_What you will do_
Lines to return, exactly: from the line with "Lotto composto da" to the line with "Women's Word Art T-Shirt - Flower Skull" in the entries below, both included.

_Materials provided_
• • •

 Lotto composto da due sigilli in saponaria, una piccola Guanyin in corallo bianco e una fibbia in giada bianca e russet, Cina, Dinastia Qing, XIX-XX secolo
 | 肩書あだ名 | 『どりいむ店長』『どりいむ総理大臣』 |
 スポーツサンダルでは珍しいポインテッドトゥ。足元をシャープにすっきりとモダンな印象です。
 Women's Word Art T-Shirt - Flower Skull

• • •

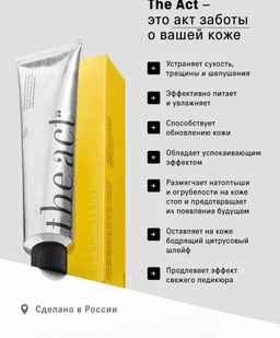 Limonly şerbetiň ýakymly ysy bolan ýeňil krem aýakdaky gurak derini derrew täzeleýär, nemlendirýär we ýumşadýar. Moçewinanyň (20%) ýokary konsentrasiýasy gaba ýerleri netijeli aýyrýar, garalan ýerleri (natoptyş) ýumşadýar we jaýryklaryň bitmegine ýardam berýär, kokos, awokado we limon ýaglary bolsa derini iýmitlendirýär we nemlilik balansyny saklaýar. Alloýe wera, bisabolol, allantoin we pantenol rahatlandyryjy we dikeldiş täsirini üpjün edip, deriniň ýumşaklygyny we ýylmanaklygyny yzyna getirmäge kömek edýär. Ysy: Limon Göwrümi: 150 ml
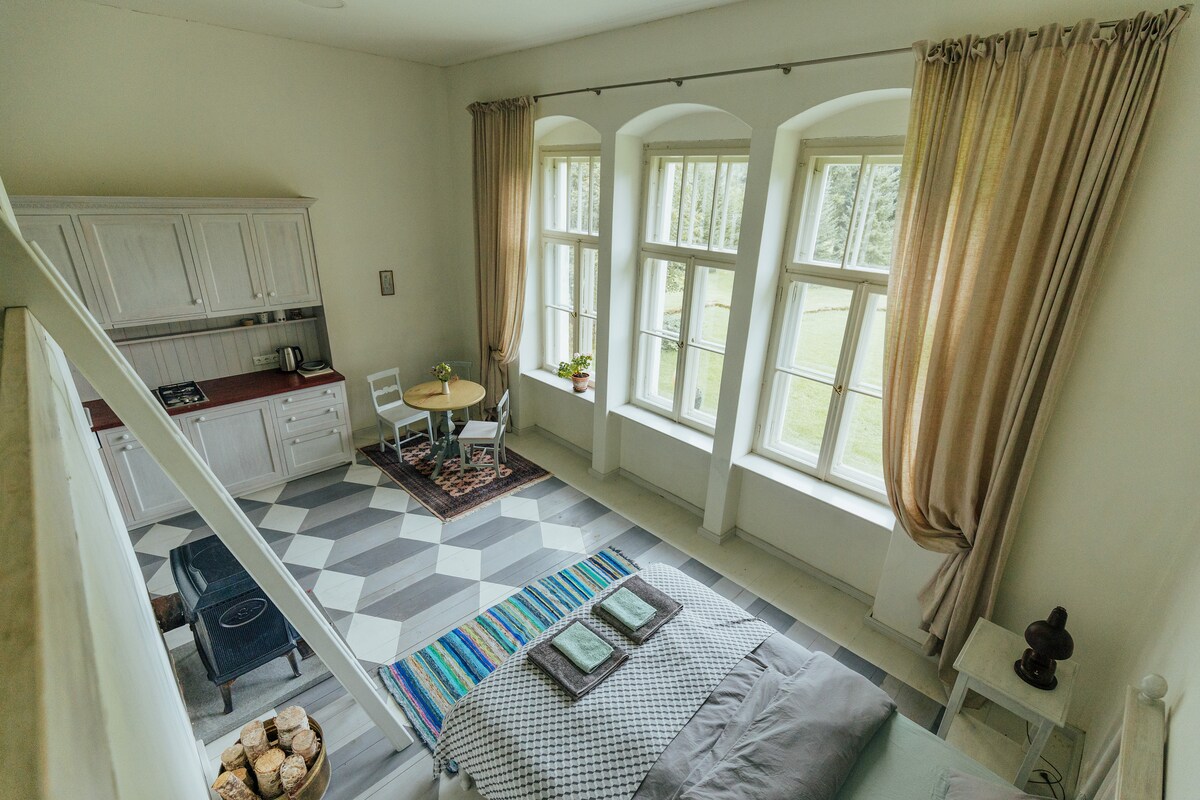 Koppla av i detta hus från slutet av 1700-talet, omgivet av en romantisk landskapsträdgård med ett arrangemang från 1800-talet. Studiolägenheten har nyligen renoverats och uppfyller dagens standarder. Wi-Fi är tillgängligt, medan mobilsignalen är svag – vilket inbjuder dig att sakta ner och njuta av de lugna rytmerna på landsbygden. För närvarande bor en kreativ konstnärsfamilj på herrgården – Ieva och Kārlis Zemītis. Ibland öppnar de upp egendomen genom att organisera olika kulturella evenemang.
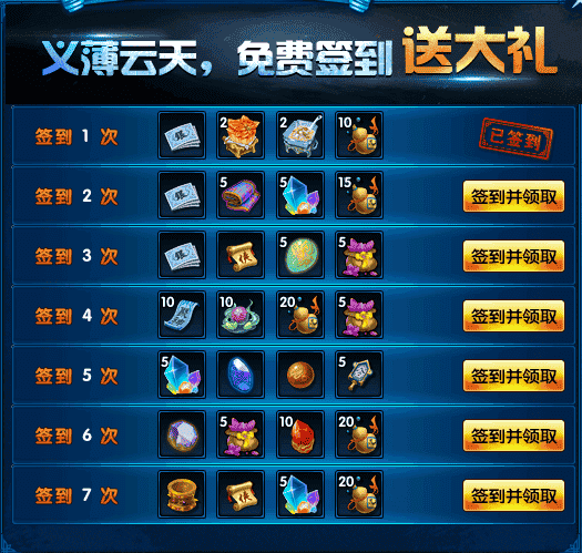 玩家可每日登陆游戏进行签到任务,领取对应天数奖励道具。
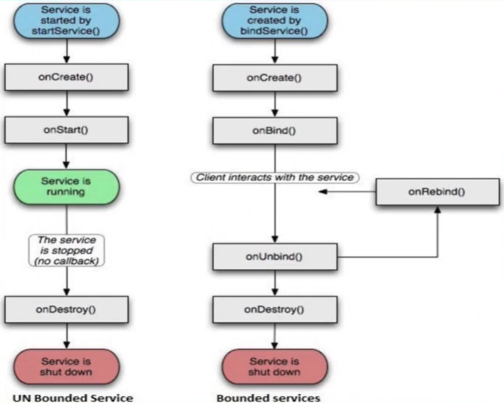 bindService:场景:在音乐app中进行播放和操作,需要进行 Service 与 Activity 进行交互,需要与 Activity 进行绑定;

• • •

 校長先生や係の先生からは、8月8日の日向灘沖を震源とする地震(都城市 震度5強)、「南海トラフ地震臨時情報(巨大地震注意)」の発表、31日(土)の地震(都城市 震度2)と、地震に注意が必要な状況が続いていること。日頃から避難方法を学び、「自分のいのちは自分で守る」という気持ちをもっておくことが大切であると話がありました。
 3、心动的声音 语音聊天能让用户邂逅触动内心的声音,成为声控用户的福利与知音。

• • •

_Result of this exercise_
 Lotto composto da due sigilli in saponaria, una piccola Guanyin in corallo bianco e una fibbia in giada bianca e russet, Cina, Dinastia Qing, XIX-XX secolo
 | 肩書あだ名 | 『どりいむ店長』『どりいむ総理大臣』 |
 スポーツサンダルでは珍しいポインテッドトゥ。足元をシャープにすっきりとモダンな印象です。
 Women's Word Art T-Shirt - Flower Skull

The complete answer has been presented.